Bal populaire! Это означало, что и пировать, и пить, и петь, и музицировать будут на улице. И танцевать тоже: сегодня в Кердрюке будут звучать вальсы и танго, гавот и музыка, которую принято исполнять на fest-noz (фест-ноз), традиционных бретонских праздниках. Все будут веселиться под открытым небом. Четырнадцатого июля в каждой французской деревне был сплошной bal populaire.
Жанреми и Марианна с пяти утра занимались в кухне приготовлениями к пиру. Сегодня вечером в «Ар Мор» будут подавать блины из гречневой муки и сидр, бифштексы и котлеты из ягненка, скампи и киш, рыбный суп и омаров, сыр и лавандовое мороженое, баранину для местных и устрицы, устрицы, устрицы для туристов.
За кухонным уголком под открытым небом Падриг помогал Жанреми подавать блюда. Лорин заготовила целый арсенал ламбига, кальвадоса, перно, пастиса, шампанского, розового, бретонского пива, мюскаде и всевозможных красных вин.
Падриг мало устраивал Женевьев Эколлье: сын каменщика ревностно следил за запасами алкоголя и готов был скорее уничтожать их самостоятельно, нежели делиться ими с клиентами.
Но других помощников она не нашла: к кому бы она ни обращалась, всех уже успел нанять Ален Пуатье в Розбра. А какими чудесами он завлекал к себе посетителей: детской горкой в виде пиратского корабля, ледяной скульптурой, призванной изображать революционерку Марианну (весьма скудно одетую и с весьма пышной грудью), сколоченной из досок танцплощадкой, украшенной сине-бело-красными гирляндами. Женевьев в ярости бранилась.

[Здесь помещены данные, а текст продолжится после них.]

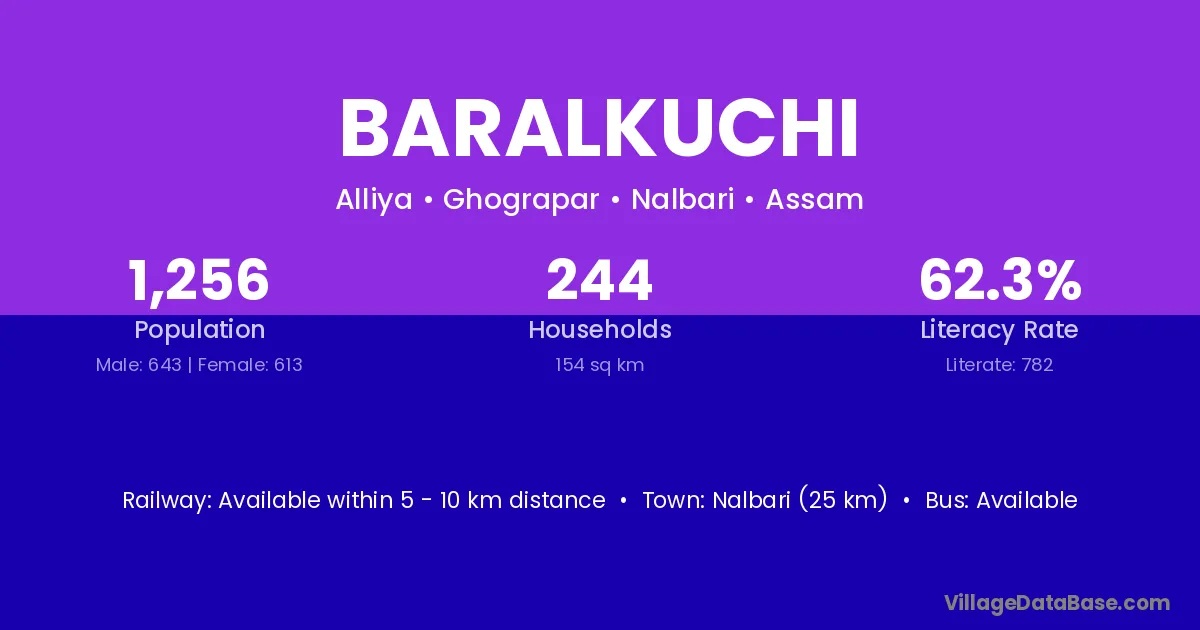 Nalbari (25 km) is the nearest town to Baralkuchi village for major economic activities and is located approximately 25 km away.

В обязанности Марианны входило убирать и мыть грязную посуду, а также подавать еду музыкантам по мере ее уничтожения. Принося им на сцену под открытым небом бутерброды на багетах и рыбное рагу cotriade в глубоких тарелках, она старалась не споткнуться об инструменты квинтета. Она показала на гобой. «C’est une bombarde, madame»[135], — сказал ей самый маленький из пятерых, кривоногий, с измятым лицом. Он взял в рот трость и сыграл несколько тактов. Остальные отставили тарелки с супом, взяли аккордеон, скрипку и контрабас и стали ему аккомпанировать. Марианна почувствовала, словно внезапно и стремительно перенеслась в прошлое.
Она снова была в Париже, в чрезмерно ярко освещенной больничной ординаторской, и слушала музыку, которую передавали по радио. Музыку, под которую хотелось танцевать. Она видела, как старики танцуют с молодыми женщинами, видела длинный стол, смеющихся детей, яблони, солнце, освещающее море на горизонте, видела голубые ставни на старинных домах из песчаника, с тростниковыми крышами.
Когда она открыла глаза, этот образ стал реальностью.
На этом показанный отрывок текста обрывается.